A review by rebus
52, Vol. 1 by Geoff Johns

3.25

Taking over the X Men was the beginning of the end for Grant Morrison. It's not that that was necessarily bad--the series had been moribund for over a decade and needed an injection of talent--but it was a move toward the mainstream and the big money success that I would guess had eluded him when he was producing much better work (that didn't really sell). The bald, Hunter S. Thompson crossed with Mr. X (and maybe the faux leftist musician Stuart Davis) look he had adopted by this point is a sure sign of his narcissism. 

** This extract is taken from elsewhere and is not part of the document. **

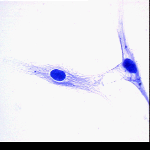 (EN) : Baby hamster kidney (BHK) cell culture (Coomassie Blue, x100-Light microscope, Slide T4-20 A2): 1-day old fibroblast cells showing fibrils.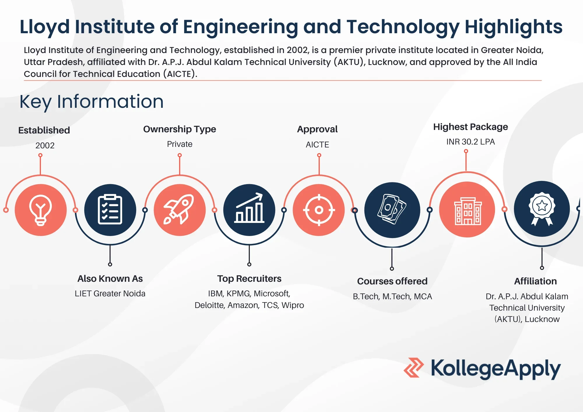 Lloyd Institute of Engineering and Technology is a premier private institute located in Greater Noida, Uttar Pradesh. LIET Greater Noida is affiliated with AKTU Lucknow and approved by AICTE. The institute has academic collaborations with reputable organisations such as NASSCOM, Servotech, CISCO, and Garuda Aerospace, as well as international partnerships with Buckingham University (UK), Pennsylvania State University (USA), and Tribhuvan University (Nepal). LIET Greater Noida is also recognised as a scientific and industrial research organisation by the Department of Scientific & Industrial Research (DSIR), Government of India.

The sell out was complete by the time he returned to DC. Upper middle class privilege permeates the book, with characters like Dibney celebrating the travel that is causing our extinction. There's a great deal of pro forever war propaganda here as well, with tons of anti-Islam, Korea and China rants. He's also perhaps the first to join the mass movement that led to Trans ideology, the now cliched trope of "everyone a Super Man" that was finally exploited well by Garth Ennis and taken to its logical conclusion (that all of these narcissists would bring about the end of the world). 

It's not terrible, and it's certainly not helped by the fact that he has to collaborate with 3 other very bad writers, but it's not his 80s and early 90s greatness. 

I full expect it to get worse with each volume.